As anticipated, chemical giant EI DuPont de Nemours & Company (DD) recorded robust growth in revenues and earnings in the second quarter of 2010.

DuPont recorded a near three-fold increase in quarterly earnings to $1.20 billion or $1.76 per share versus $400 million or 46 cents in the second quarter of 2009. Excluding non-recurring charges, the company earned $1.1 billion or $1.17 per share, outpacing the year-ago earnings of 61 cents and the Zacks Consensus estimate of 94 cents.

Higher revenues across all segment and regions, coupled with lower costs, culminated into higher earnings. Quarterly revenues of $8.6 billion exceeded the Zacks Consensus Estimate of $8.3 billion.

A 26% jump in revenues was primarily driven by a 21% increase in volumes. Improving selling prices (5%) and positive currency impacts (1%) partially offset by higher raw material, energy and transportation costs further aided revenue growth. DuPont saw sales volumes rising in double digits across all business segments, with the Electronics & Communications, Performance Materials and Safety & Protection segments reporting a pronounced 25% year-over-year volume expansion.

Regional Sales

Emerging markets sales grew 32%. Revenues in Asia-Pacific leapt 47% to $1.8 billion on a 40% rise in volumes, while earnings in Europe, Middle East and Africa shot up 24% to $2.1 billion helped by a 22% increase in volumes.
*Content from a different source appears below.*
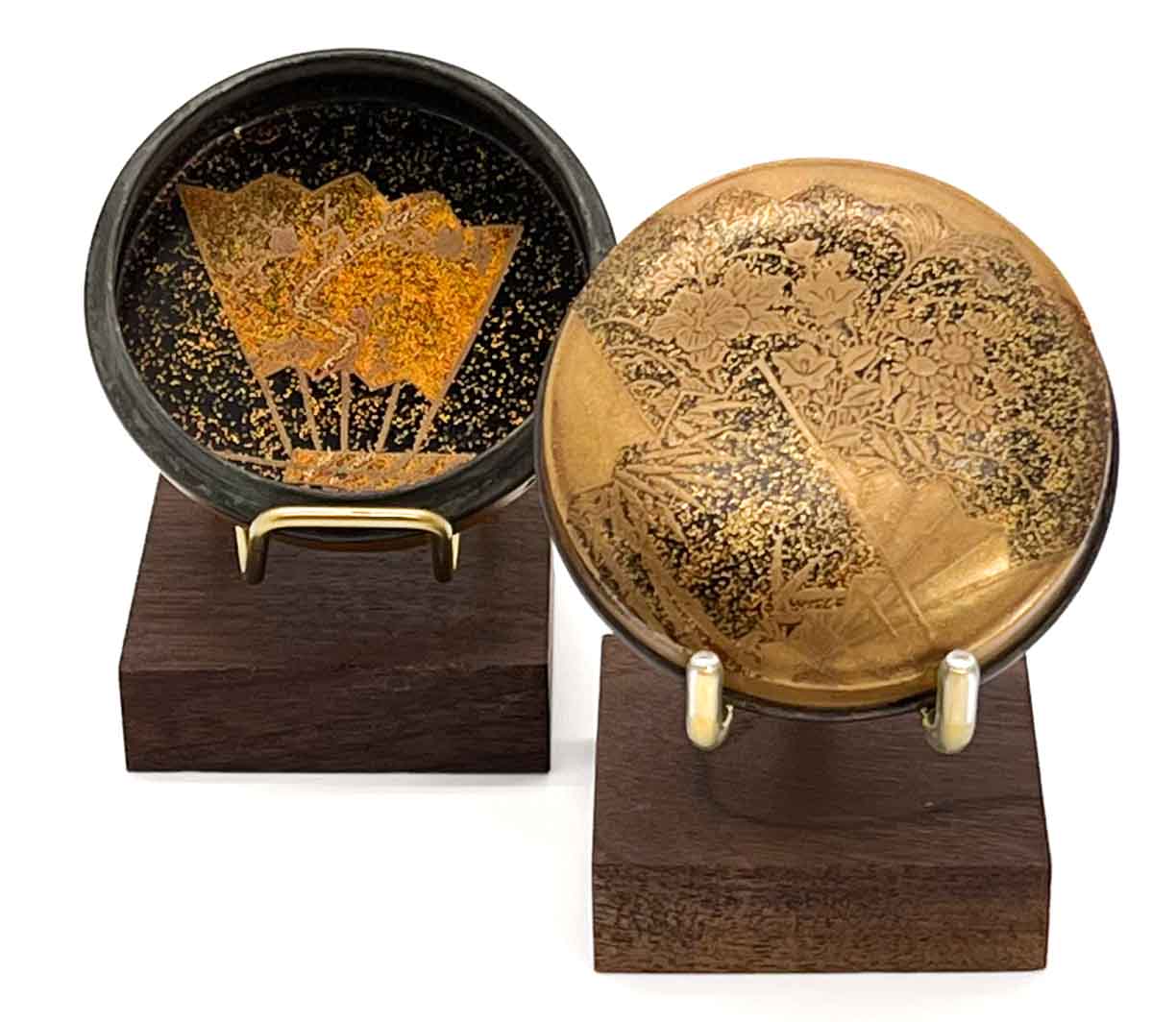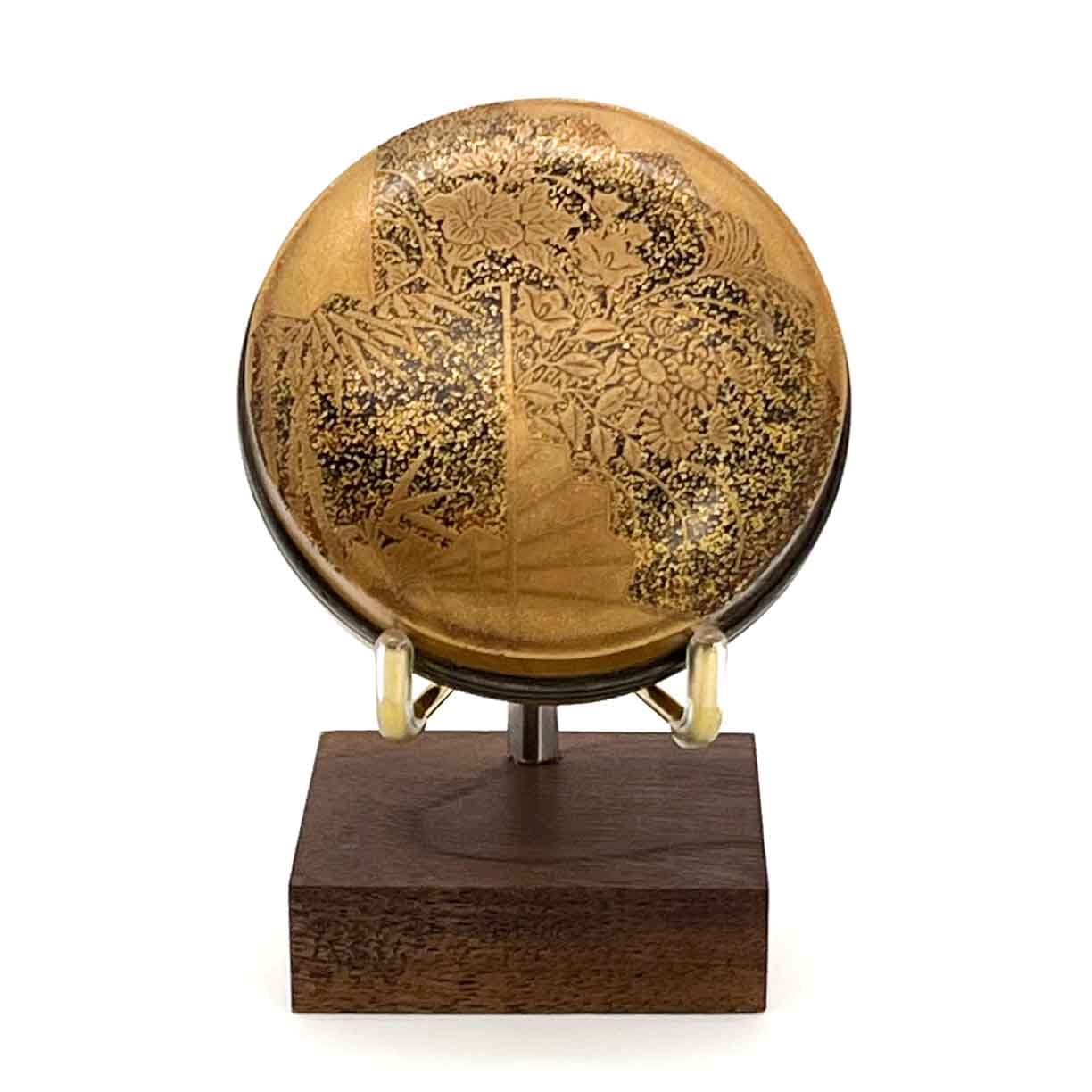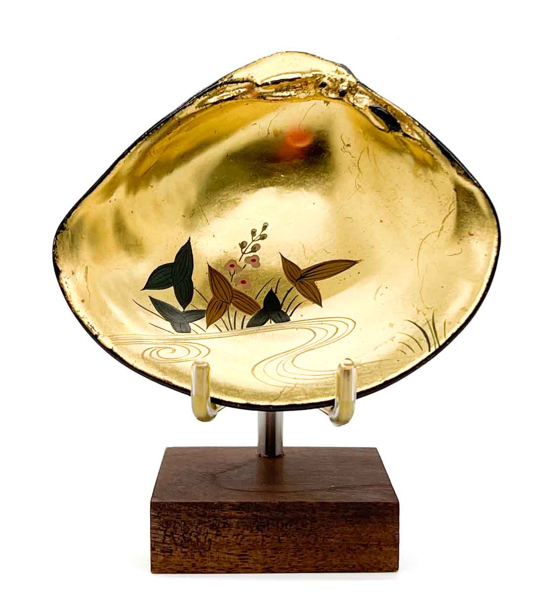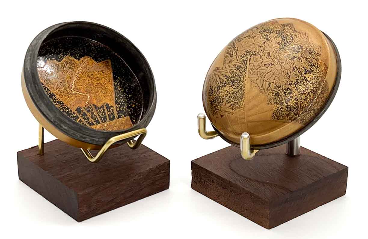This 3-pronged object display stand is well-suited to a number of different art forms including Japanese inro, collectible compacts and cigarette cases, small dishes, and other small decorative art.

Sales in Canada and Latin America grew 30% and 20% to $400 million and $700 million, with volumes rising 16% and 12%, respectively. Sales in the North American markets were up 18% to $3.6 billion reflecting a 14% increase in volumes.

Segment Review

Agriculture and Nutrition: Segment’s sales improved 16% to $3 billion on a 12% rise in volumes and 5% rise in prices. Higher sales in the North American seed business helped higher volumes in the segment. Crop protection products volume increased especially insecticides and fungicides under the Rynaxypyr brand in Latin America. Operating income improved 31% to $762 million.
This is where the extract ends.